Davvero il Likud apre all’uguaglianza politica e sociale tra tutti i cittadini di Israele? Stando al comunicato diffuso ieri su Twitter non si direbbe. Il partito di Netanyahu esclude categoricamente di potersi alleare con qualsiasi formazione araba inclusi gli islamisti del deputato Mansour Abbas che, indebolendo la Lista unita ha avviato un intenso dialogo con il primo ministro per risolvere, sostiene, «il problema della criminalità e degli omicidi nella minoranza araba». Amira Hass ieri su Haaretz scriveva che Netanyahu, con la consueta abilità politica, sta semplicemente incitando, i «buoni arabi» incarnati da Ali Salam contro «i cattivi arabi» della Lista unita.

Oltre a colpire la Lista Unita, Netanyahu cerca di assicurare al Likud migliaia di voti arabi in più rispetto agli 11mila ottenuti nelle elezioni dello scorso anno.
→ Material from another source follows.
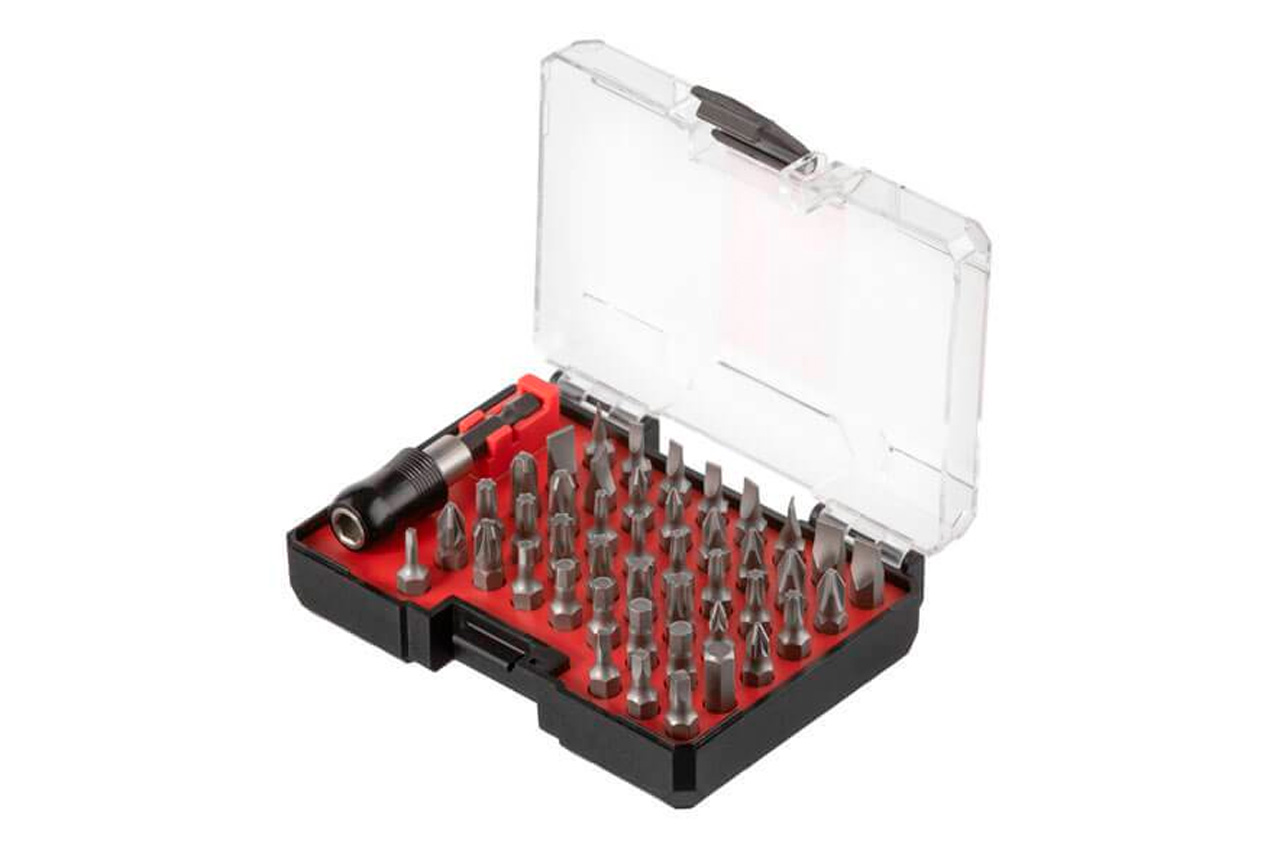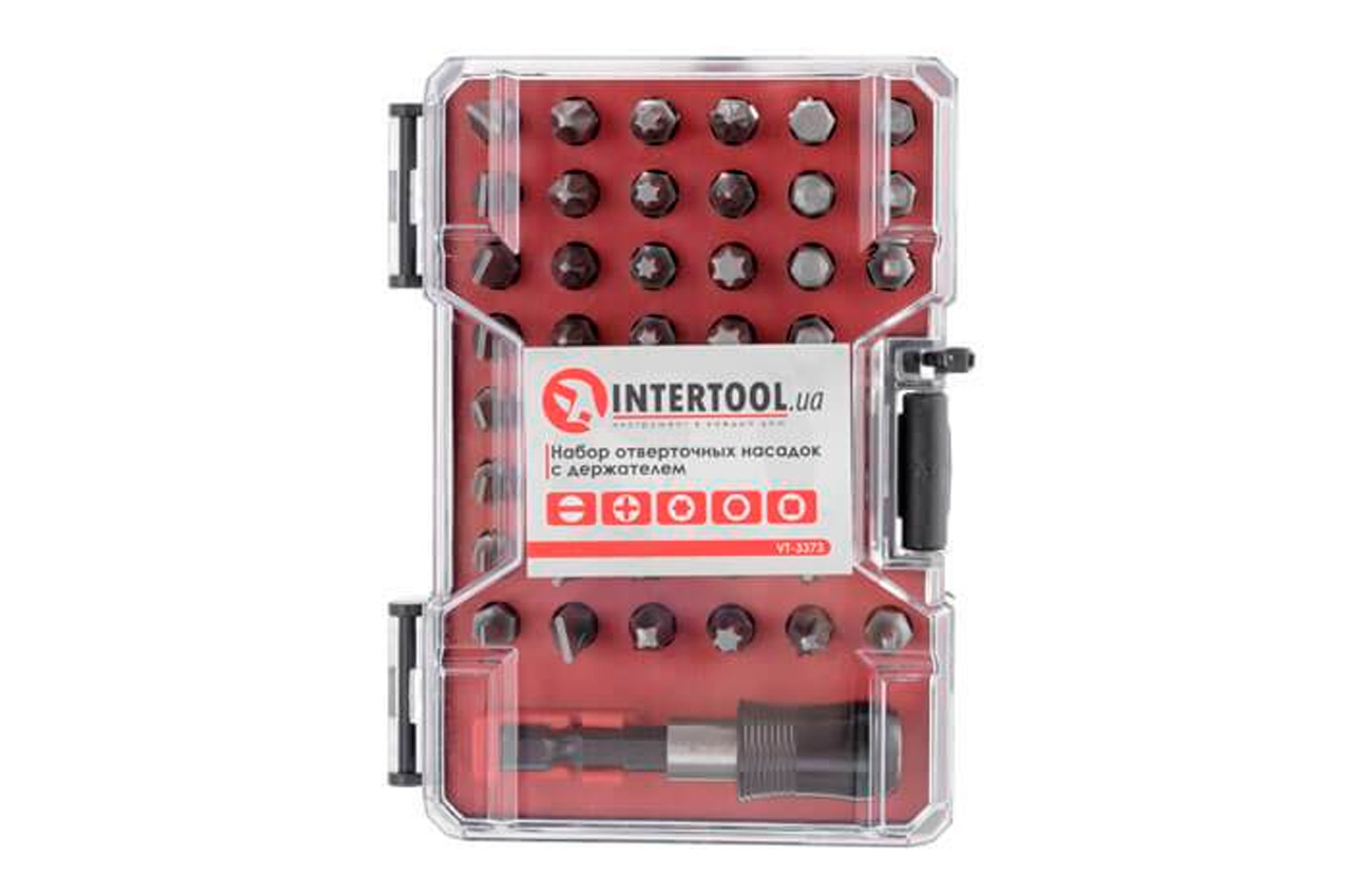 Набор отверточных насадок с держателем VT-3373 может использоваться как оснастка для шуруповертов, дрелей, так и для отверток под биты. Комплект предназначен для монтажа и демонтажа резьбовых соединений с различными типами шлицов. Данный набор станет отличным помощником в домашнем арсенале инструмента, а также в собственной мастерской, на производстве. Все инструменты изготовлены из прочной Cr-V стали, которая известна всем мастерам своей надежностью и выносливостью. В держателе установлен магнит, который надежно фиксирует биты и облегчает вкручивание винтов. Все насадки размещены в удобном кейсе с замком.

Per compensare in parte la probabile emorragia di consensi causata dalla recente scissione interna guidata dal suo rivale, Gideon Saar, che ha fondato un nuovo partito di destra in crescita nei sondaggi. «Non ci riuscirà» dice al manifesto Wadie Awawdeh, giornalista residente in Galilea «la nostra gente non è ingenua, sa che Netanyahu non garantisce parità e partecipazione anche agli arabi, promette solo un po’ di regali a quel politico o a quell’amministratore locale, per raccattare un po’ di voti. Poi dopo le elezioni sparirà».

Di vero comunque c’è la crisi della Lista unita, che sta per spaccarsi in due tronconi. I sondaggi segnalano che i partiti arabi il 23 marzo perderanno 5 dei 15 seggi conseguiti appena dieci mesi fa quando la Lista emerse come la vera forza di opposizione a Netanyahu e come riferimento anche per decine di migliaia di ebrei israeliani. «Le differenze ideologiche e di linea politica delle sue quattro componenti sono il tallone di Achille della Lista» spiega Awawdeh «comunisti e islamisti, ad esempio, viaggiano in direzioni opposte, hanno idee diverse della società, quasi inconciliabili. Il collante del fronte comune contro Netanyahu e la destra non è forte abbastanza».